MCMC Sampling: Sampled 20000 chain states (5000 burnin samples) in 128.565 sec. Acceptance rate: 57.8%

where the acceptance rate in 57.8%. How can I make sure that I explored correctly the posterior distribution and I don't need a longer chain? Is an acceptance rate of 57.8% in line with a correct estimation or are there additional parameters that need to be tuned for this model?

Thanks! Francesco

johannesostner commented 3 years ago

Hello!

An acceptance rate of 57.8% is in line with what we usually see in a converged chain that explores the parameter space well. From our experience, a non-converged chain usually has an acceptance rate of less than 35%. Keep in mind that this is only a heuristic, but it is usually enough.

You can also visually assess the inference quality by the traceplots, as shown in our advanced tutorial, section "Diagnostics and plotting". Also, the result object you receive after running sample_hmc supports all other functionalities from arviz, which you may find useful.

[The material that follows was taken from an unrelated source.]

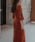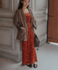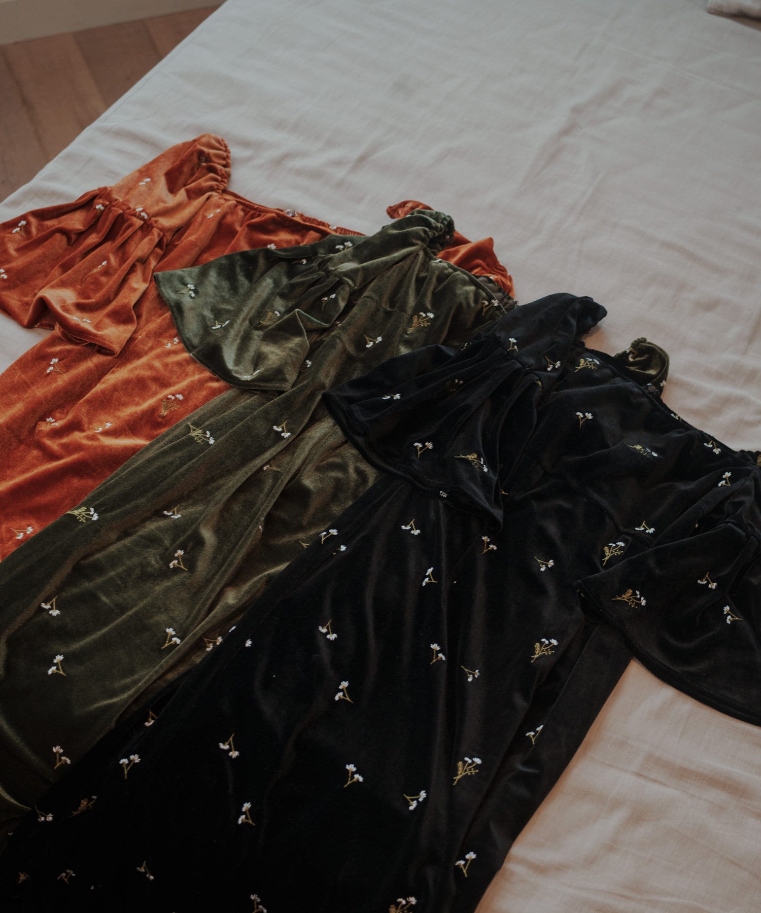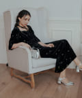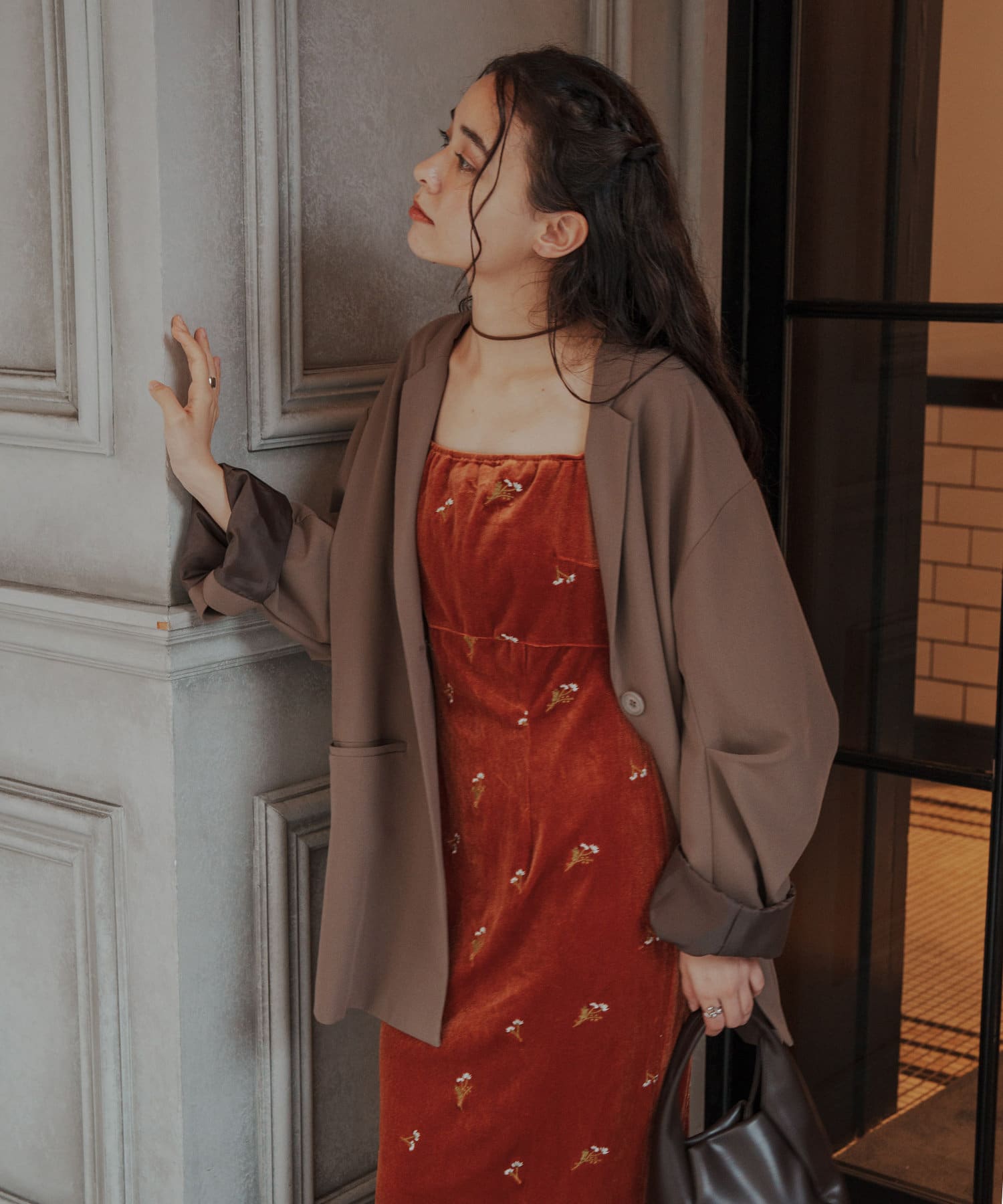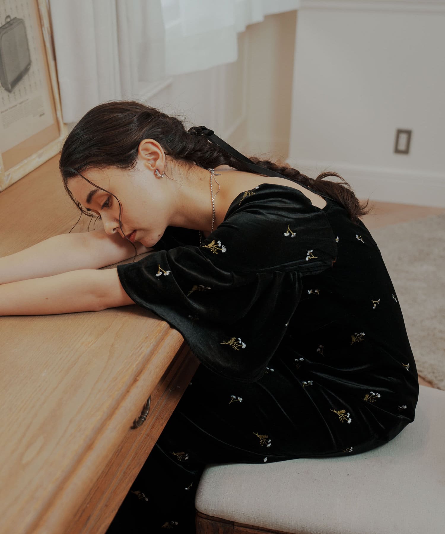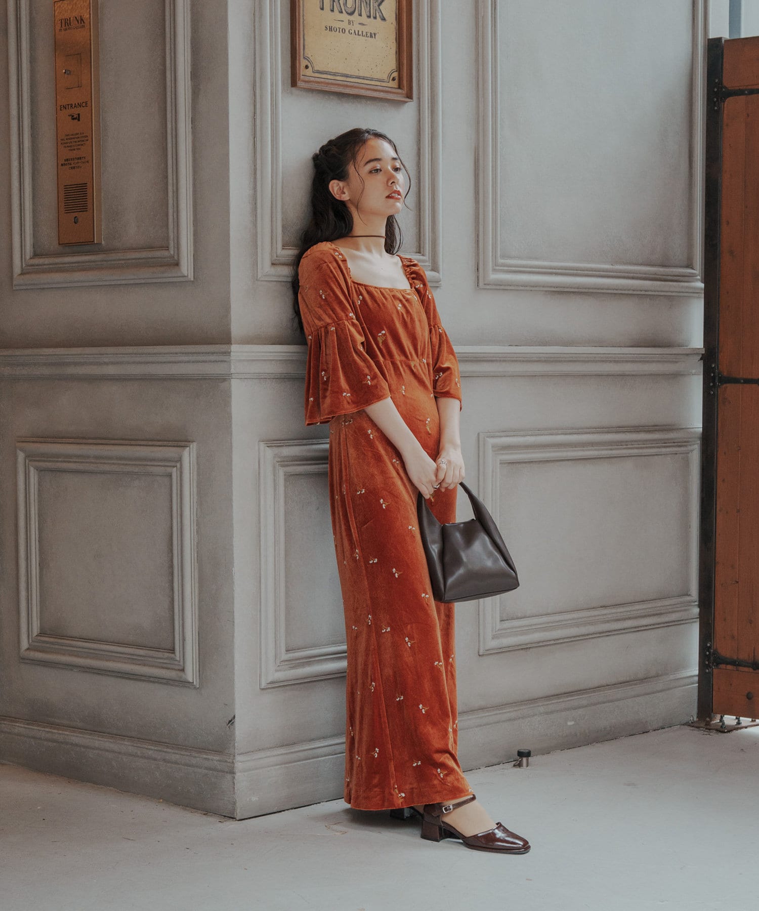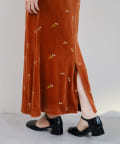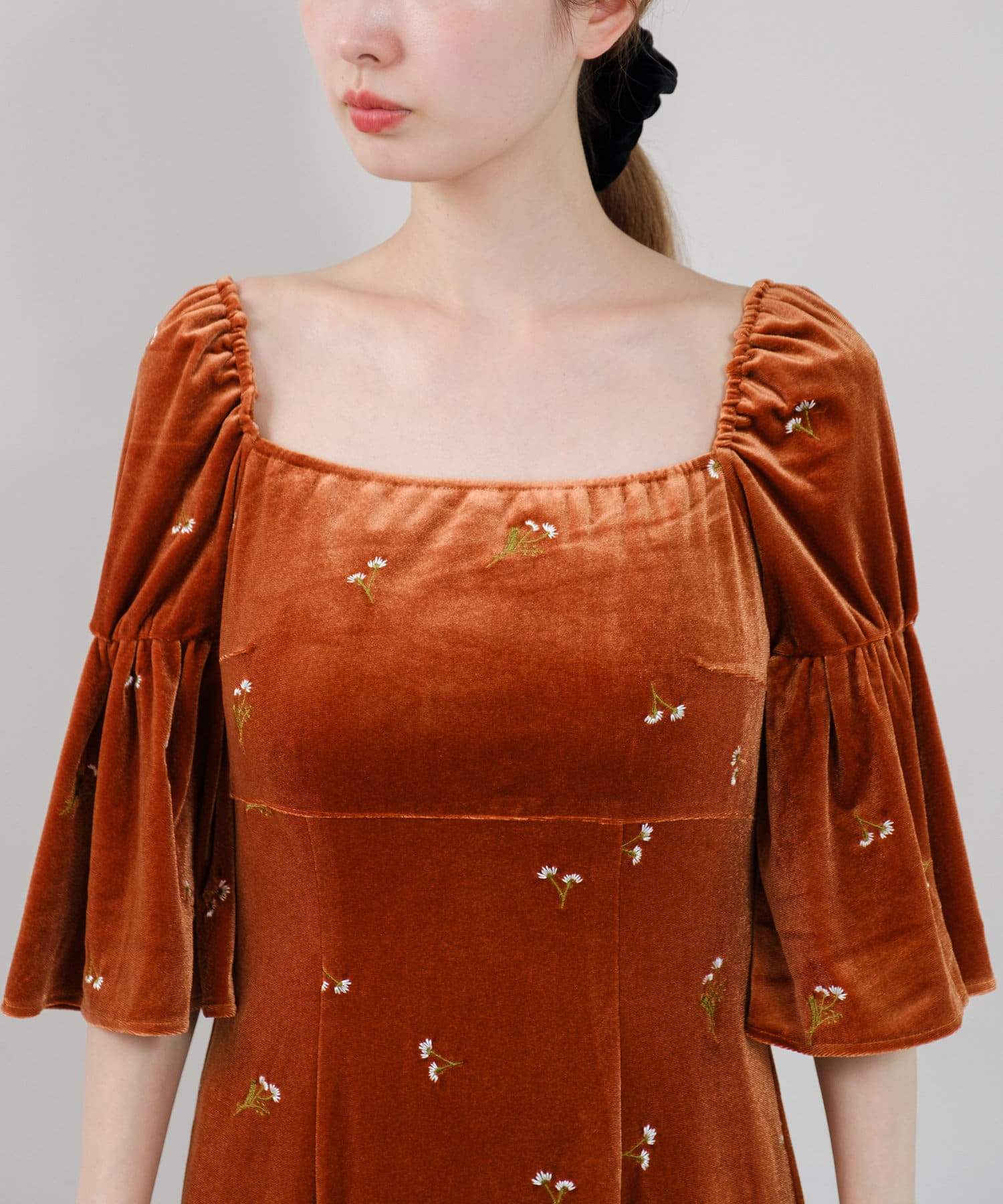柔らかな光沢感と深みのあるベルベット生地に小花柄の刺繍が散りばめられた、上品なロングドレス。

fbrundu commented 3 years ago

Thanks for your reply. Do you think future versions of scCODA will provide additional diagnostics like posterior predictive checks, or more elaborate tutorials on diagnostics to make sure that the chains have converged, and the estimation has to be trusted? I think that it might help since some of the people that will use it might not fully understand the details and implications of this model. In particular, I noticed in a previous run (with the same parameters but different chain length) I get slightly different results regarding a credible effect for a specific cell type (I haven't been able to reproduce it consistently, unfortunately). It's totally fine if you don't plan to, but in any case, thank you for this work!

johannesostner commented 3 years ago

Thanks for these suggestions!

We plan to continuously develop and improve scCODA even after publication, and model diagnostics are one point that we want to address in the future. Most diagnostic tools (like R-hat) are only really meaningful when running multiple MCMC chains, so we will look into it again, once we get around to this.